Datapalooza17: 4 ways healthcare organizations are using predictive analytics to improve clinical care

It’s no secret that healthcare providers are integrating predictive analytics into their clinical workflow. Using analytics effectively is another story entirely.

On the surface, healthcare analytics has the unmistakable “cool” factor of any new, promising technology with the potential to improve care. But the real-world complexities of integrating predictive modeling into a complex healthcare system can rub away the shine of predictive analytics rather quickly.

“That’s where I kind of get stuck and I think that’s where a lot of people get stuck—how to implement analytics to improve care,” said Ravi Parikh, M.D., an internal medicine resident physician at Brigham and Women’s Hospital in Boston.

Parikh, one of the authors of an NEJM article published this week on how precision medicine needs a parallel initiative that focuses on care delivery, moderated a discussion at Health Datapalooza on Thursday in which several organizations outlined ways in which predictive analytics was making a tangible impact on patient care.

RELATED: Precision medicine will falter without a parallel focus on delivery, researchers say

Making analytics meaningful for physicians is critical to that success, but, as Parikh noted, that discovery is often filled with missteps. He pointed to a new readmission risk predictor tool recently rolled out through Brigham and Women’s EHR. Most of the physicians he works with have already deleted the tool from their dashboard because they view it as an annoyance.

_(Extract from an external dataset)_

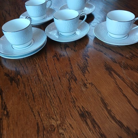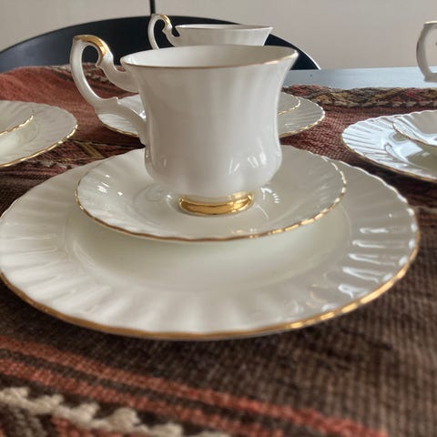 Walbrzych fra Polen. Hvitt med gullkant. Bolle 23 cm dia og 6 cm dyp. 10 tallerkener 24 cm

RELATED: How hospitals put predictive analytics into action

Here are four organizations that found success with predictive modeling:

  • NYU Langone Medical Center: Yin Aphinyanaphongs, M.D., Ph.D., director of predictive analytics for the Center for Healthcare Innovation and Delivery Science at NYU Langone Medical Center, led a team of data scientists to develop an algorithm using a broad range of clinical factors that identified patients who were likely to stay less than two midnights. The tool is being used by the system to help physicians know when to place a patient on observation and avoid a claim denial from the Centers for Medicare & Medicaid Services.
  • Atrius Health: By combining claims data and clinical data, Atrius Health built a predictive model that focused on improving care for high-cost, high-need patients. By identifying key clinical factors, the nonprofit network of primary care and specialty care providers integrated a model into the EHR system in which a color-coded banner alerted clinicians to patients that were at risk for hospitalization within the next six months.
    Craig Monsen, M.D., medical director of analytics and reporting at Atrius Health, said the tool wasn’t particularly useful for physicians, but it did serve as a mechanism for medical secretaries fielding calls to quickly triage high-risk patients.
  • Tabula Rasa HealthCare: By integrating pharmacogenetic information into patient records, Tabula Rasa HealthCare worked with providers to improve medication therapy management and identify certain drugs that could negatively interact with other drugs or a patient’s genetic makeup.
  • Utah Health Information Network: As the designated healthcare information exchange in Utah, UHIN holds vast amounts of clinical and claims data that can be used to improve the health of communities throughout the state. Using predictive modeling, the organization developed alerts that notified providers when a patient was at risk for readmission or needed more targeted interventions.
    In one instance a health payer saw a huge spike in admissions among its members. Predictive analytics showed that the increase was linked to a change in the medication formulary, UHIN CMIO Mark Hoffman, M.D., said. The insurer quickly put that medication back on their formulary, and admissions leveled off.